Glenn recognized that Bandit needed a lower sitting position and a flip at the back of his big ass to keep him securely in the saddle as he twisted the Crime Scene internal wick on that nasty balanced, 93-inch S&S Shovelhead motor to peel out of the ghetto the Bikernet Interplanetary Headquarters are sequestered in. It's a terrible plight and Glenn stepped up to help.
Glenn replicated the infamous 5-Ball Mudflap girl design from George Fleming and designed the seat to be Smoke Out West Run Ready. As much as he adores mastering a trade he can wrap his arms around, the chemical aspect of wiping leather sheets with goat piss dyes and red ant lotions to save the leather from Bandit farts and Los Angeles acid rain is daunting.
He was challenged further when Bandit asked him to add color to the George Fleming art. Glen never stepped up to the painted leather ranks and was forced to study the colored notion, especially metallic paint on leather, which is currently available in the states. To meet that challenge in Australia it takes a mixture of Little Mick's secret silver hues and Kangaroo sperm. Unfortunately Glenn is allergic to all things chemical or reeking with chrome blistering odors.
Glenn went to extreme efforts and research to guard against certain death to coat Bandit's seat with the finest, most deadly coatings and colors available to man. Then he etched and coated the bottom of the seat with a warrior's message and hand delivered the seat across the Pacific.

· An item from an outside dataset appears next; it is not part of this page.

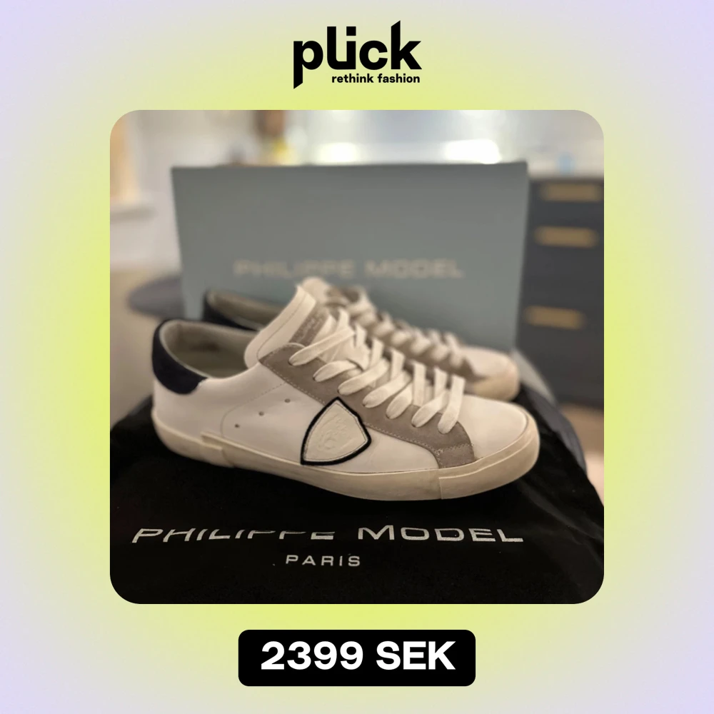 Säljer ett par snygga vita sneakers från Philippe Model i storlek 41. Skorna har en stilren design med gråa mockadetaljer och mörkblå häl. De är i mycket bra skick. Box och dustbag medföljer. Hör av vid frågor eller funderingar. Kan ta byten. Phillipe model är lite stora i storleken så de passar storlek 42 också.

So there you have it. Maybe we should line up the redhead and the grubby biker from the Pacific Island and tear their emotional beings to shreds in front of a yawning and giggling studio audience. We could make 'em sweat from commercial break to commercial break. Watch the Bikernet news as we tease you with the voting results.

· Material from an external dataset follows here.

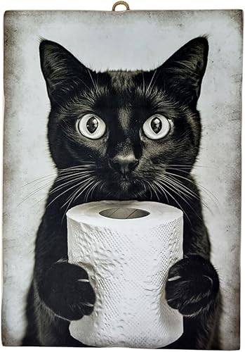 KUSTOM ART Tableau série animaux meuble toilette chat noir avec papier toilette imprimé sur bois 25 x 18 cm

Hell, maybe we should have a CNN debate between the two candidates Lou Dobbs or that other guy who can't say a good thing about any goddamn thing on earth. We could ask them questions like, “Glen, do you think the animals stripped of their hides scream during the process,” said Anderson Cooper? “Do you really believe that animal torture is worth a custom seat for Bandit?”